To solve this problem, we'll need to use the concept of hydrostatic equilibrium, which states that the pressure in a fluid at any given point is equal to the weight of the fluid column above that point. We can use this concept to calculate the thickness of the Martian atmosphere and the pressure at different points on Mars.
(a) To find the thickness of the Martian atmosphere, we need to determine the height at which the atmospheric pressure drops to 0.01% of its value at the surface level.
Let's start by calculating the pressure at the surface of Mars (P0):
P0 = 600 Pa
Now, we need to find the pressure at the boundary between the atmosphere and outer space (Pb). We can use the hydrostatic equilibrium equation:
P = P0 * exp(-M * g * h / (RT))
Where:
M = mass of Mars
g = acceleration due to gravity on Mars
h = height
R = gas constant
T = average temperature on Mars
Given values:
M = 6.4186 x 10^23 kg
R = 8.314 J/(mol*K)
T = unknown
From research, the average temperature on Mars is around -80°C (-113°F) or 193 K. We'll use this value for our calculations.
Given:
g = GM/r^2
G = universal gravitational constant
r = radius of Mars
Given values:
G = 6.67430 x 10^(-11) N *(m/kg)^2
r = 3.3895 x 10^6 m
We can now substitute these values into the equation and solve for Pb:
Pb = P0 * exp(-M * (GM/r^2) * h / (RT))
Now we can rearrange the equation to solve for h:
h = ln(Pb/P0) * (RT/(GM/M))
Substituting the given values and solving for h, we get:
h = ln(0.0001) * (193 * 8.314 / (6.67430 x 10^(-11) * 6.4186 x 10^23))
Calculating this value, we find that the thickness of the Martian atmosphere is approximately 238 kilometers.
(b) To find the atmospheric pressure at the bottom of Mars's Hellas Planitia canyon (Pbtm), we need to calculate the height difference between the surface level and the bottom of the canyon (htotal) and then use the hydrostatic equilibrium equation:
P = P0 * exp(-M * g * h / (RT))
Given:
htotal = 7 km
Now we can calculate the pressure difference:
ΔP = Pbtm - P0 = P0 * (1 - exp(-M * g * htotal / (RT)))

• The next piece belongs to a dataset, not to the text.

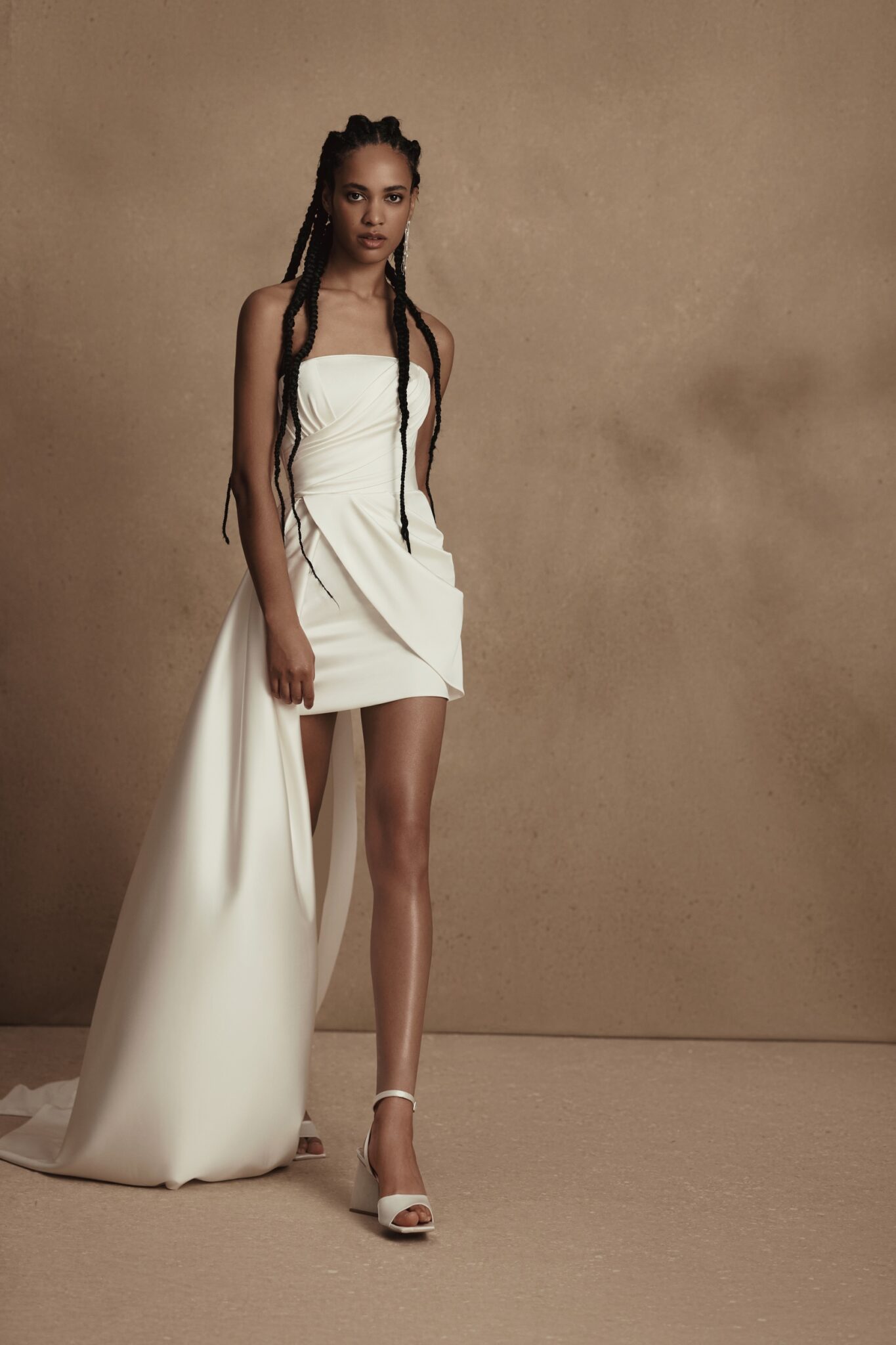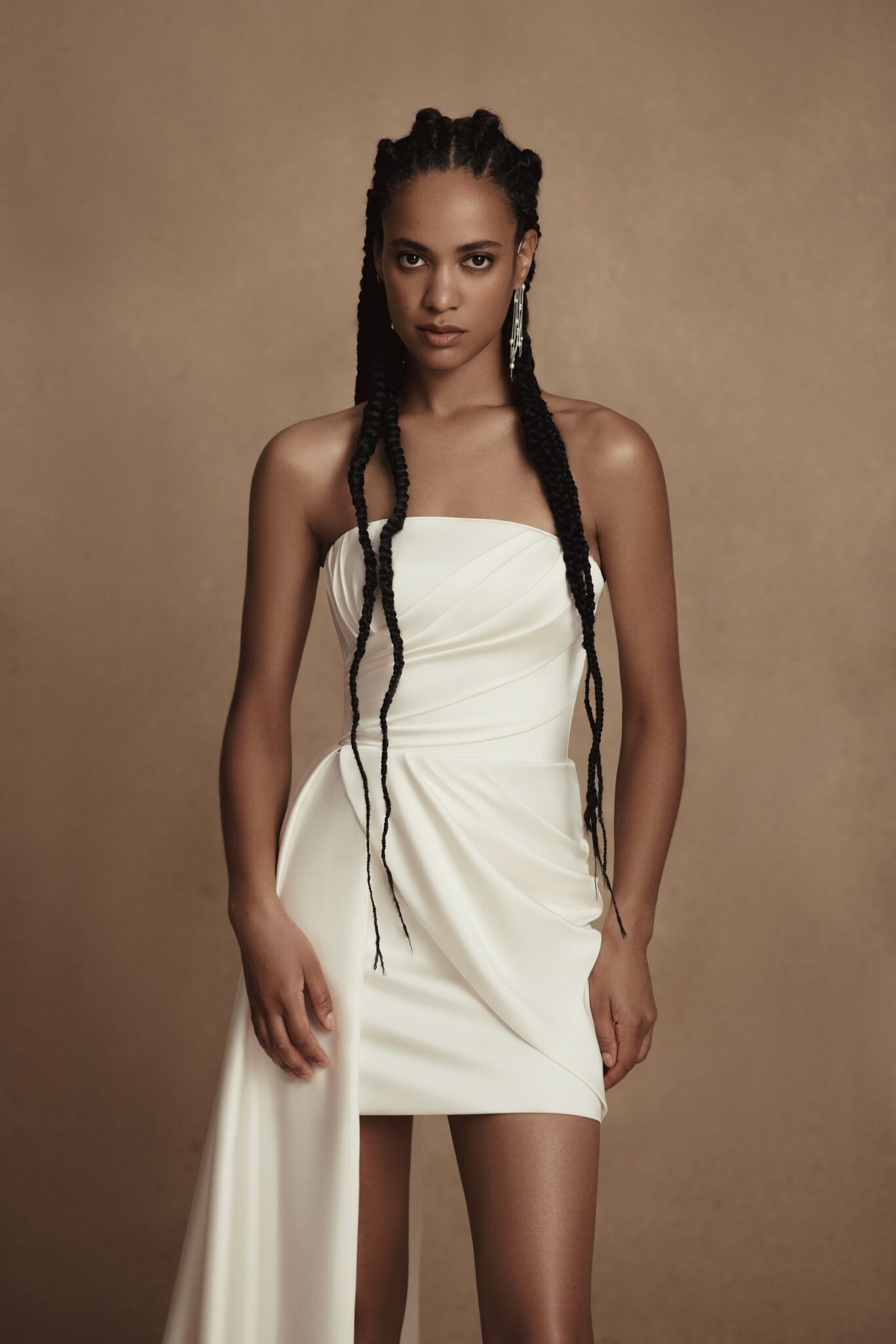 PersonalityAida – elegant fitted mini dress with detachable train. The dress is made of glossy satin, the top of the corset and the skirt are decorated with drapping.

Substituting the given values and solving for Pbtm, we get:
Pbtm = P0 + P0 * exp(-M * g * htotal / (RT))
Calculating this value, we find that the atmospheric pressure at the bottom of Mars's Hellas Planitia canyon is approximately 532 Pa.
(c) To find the atmospheric pressure at the top of Mars's Olympus Mons volcano (Ptop), we repeat the same process as in part (b) but with a different height (htop).
Given:
htop = 27 km
Using the same equation as before, we have:
Ptop = P0 + P0 * exp(-M * g * htop / (RT))
Calculating this value, we find that the atmospheric pressure at the top of Mars's Olympus Mons volcano is approximately 12 Pa.
(d) To compare the relative change in air pressure between the two points on Mars and the equivalent extremes on Earth, we use the same method used in parts (b) and (c) to find the pressure differences:
ΔP_Mars / ΔP_Earth = (Ptop - P0) / (Pbottom - Ptop)
Substituting the previously calculated values, we have:
ΔP_Mars / ΔP_Earth = (12 Pa - 600 Pa) / (600 Pa - 532 Pa)
Calculating this value, we find that the relative change in air pressure between the two points on Mars is approximately 0.48 times the relative change in air pressure between the equivalent extremes on Earth.